On Fri, Mar 20, 2020 at 4:46 AM Pavel Picka <ppicka at redhat.com> wrote:

> I think we should keep nevra as unique constraint, but as I mentioned
> before (above in this thread) your idea is similar to mine as my suggestion
> was NEVRA + checksum (pkgId).
> With pkgId I've already tested it and working good.
>
> On Fri, Mar 20, 2020 at 5:43 AM Daniel Alley <dalley at redhat.com> wrote:
>
>> I discussed this a little bit on the #rpm.org channel.  Here is the gist
>> of that discussion
>>
>>    - The metadata is "crazy, but technically valid"
>>    - "the entire SUSE ecosystem tends to do this a lot, anything using
>>    OBS, including nvidia and dell and friends"

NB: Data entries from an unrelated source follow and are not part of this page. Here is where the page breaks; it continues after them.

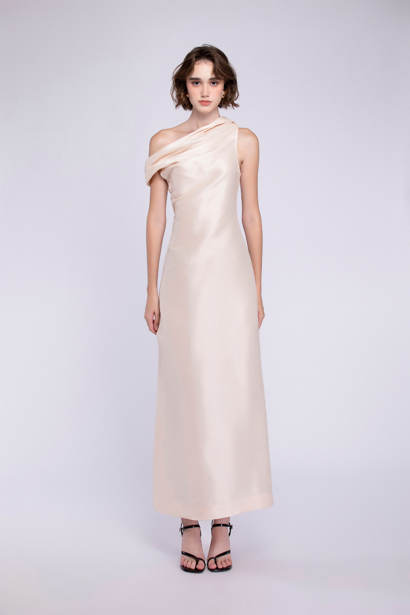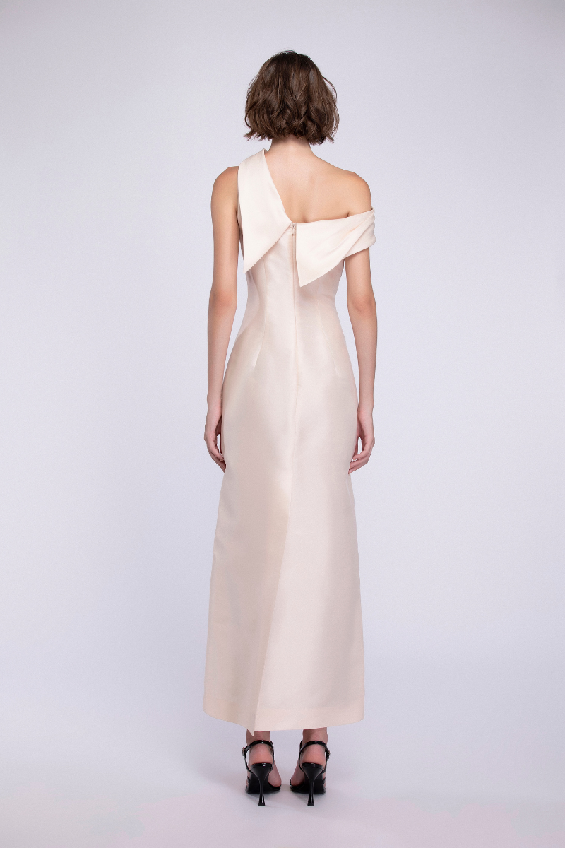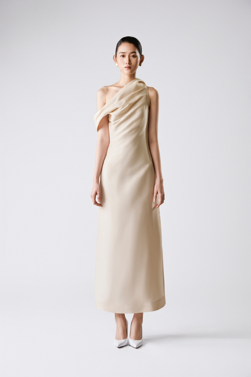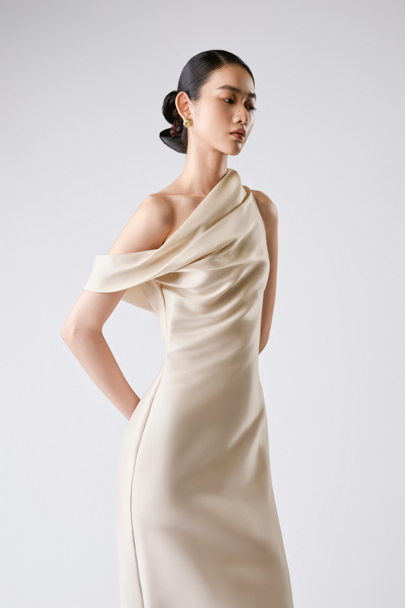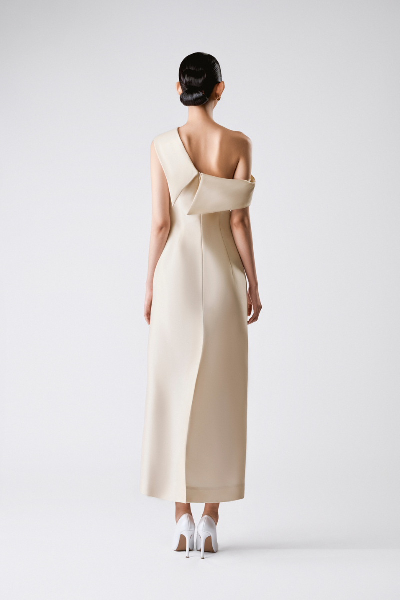 تصميم غير متماثل مصنوع من الأورجانزا الحريرية، يجمع بين السلاسة والدقة في التصميم. ينحت الخصر المنحني قوام الفستان، محققًا توازنًا متناغمًا بين البساطة والانضباط المعماري.
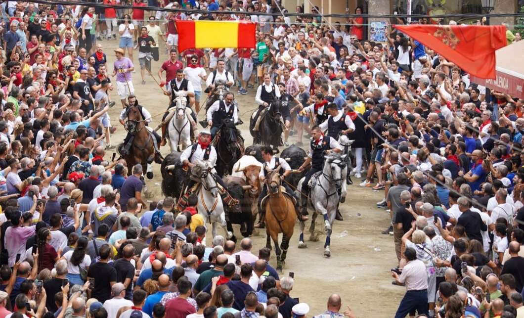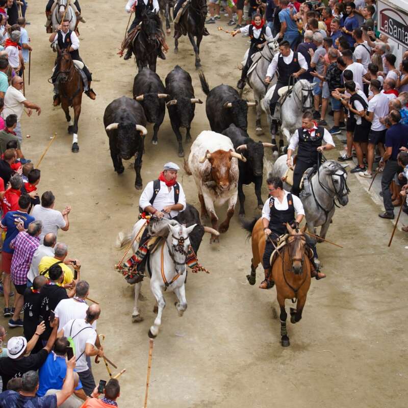 Con una duración de 50.55 segundos, los diez caballistas que han acompañado a los seis toros cerriles y al manso han sido: Manuel Zarzoso, Juan Antonio Calpe, Francisco Zarzoso, Patxi Guerrero, Carlos Guillén, Dani Palomar, Alfonso Alandí, Andrés Berbis, Esther Puchol y Nerea Alandía.
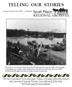 Earlier issues of “Telling Our Stories” are available online, or you can become a member of the South Peace Regional Archives Society and receive it
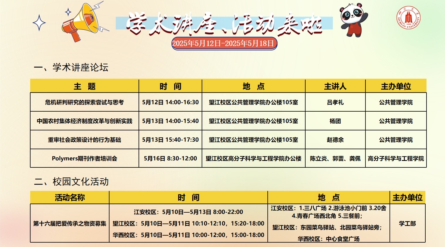 yl23411永利(集团)有限公司官网2025年5月12日-5月18日学术讲座论坛及校园文化活动预告
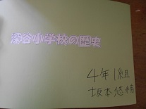 さらに、机の上には、4年坂本さんの夏休み社会一研究『深谷小学校の歴史』が置いてあります。
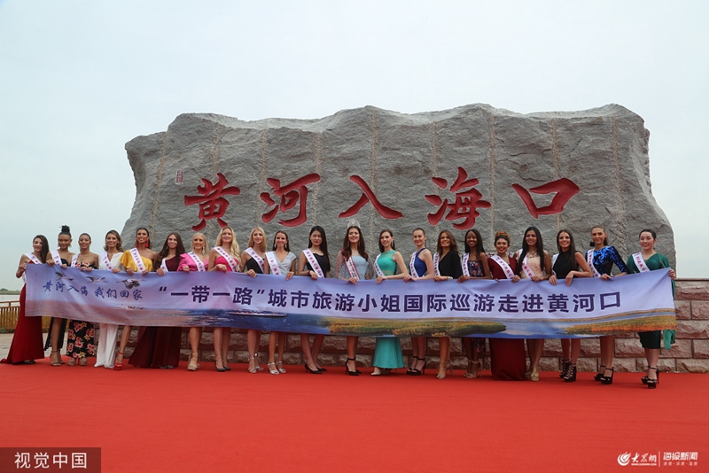 2019年9月20日,山東東營市,“一帶一路城市旅游小姐國際巡游山東東營站”在黃河口生態旅游區啟動。來自世界30個國家的城市旅游小姐齊聚黃河入海口,用美人伴美景,展示出黃河口的美麗與魅力。來自各國的旅游小姐冠軍在景區內瀏覽美景,并進行宣傳拍攝。用美人伴美景,景美人也美的靚麗風景向世界傳遞“黃河入海”的聲音,充分展現景區的自然生態和諧之美,提升景區宣傳的廣度與深度。
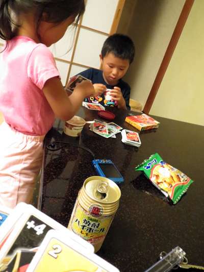 部屋では、一杯飲みながらワンピース・ウノなどをやり盛り上がりました。」
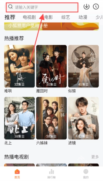 2、在此处,只需输入关键字,就能直接搜索到近期的电影和电视剧。
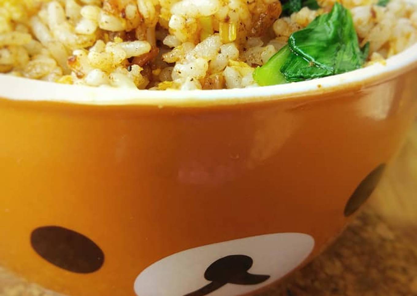 - 2 piring nasi putih - 2 butir telur ayam, kocok lepas - 1/2 cup sisa bumbu rendang - 2 siung bawang putih - 1 buah daun bawang, potong sesuai selera - 2 batang pokcoy, potong sesuai selera 3 - 1 sdt garam - 1/2 sdt merica bubuk
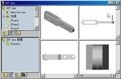 2.窗口的分割:雙擊或拖動窗口分欄線,可以將同一窗口進行分割,以便于在不同的窗口中觀看模型的不同視圖。對左側窗口進行分割可以同時顯示不同的內容,如FeatureManager設計樹、PropertyManager屬性管理器或ConfigurationManager配置管理器,如圖1所示;
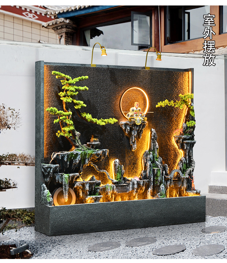 물 커튼 벽 흐르는 물 스크린 사무실 파티션 장식 실내 및 실외 안뜰 바위 물고기 연못 분수 풍경 장식품스토어 가기

>>    - "also, SUSE packages can have the same NEVRA with being completely
>>    different packages because of how their build system makes packages"
>>
>> I'm not sure what the best means to fix it would be.  Perhaps the
>> uniqueness constraint should be on the location_href, instead of on the
>> NEVRA?  Or on NEVRA + location_href?
>>
>> On Wed, Mar 18, 2020 at 9:47 AM Ina Panova <ipanova at redhat.com> wrote:
>>
>>> Pavel,
>>> I meant to say, that pulp3 does not have such limitation as pulp2 had (
>>> saving rpms on the filesystem with same nevra).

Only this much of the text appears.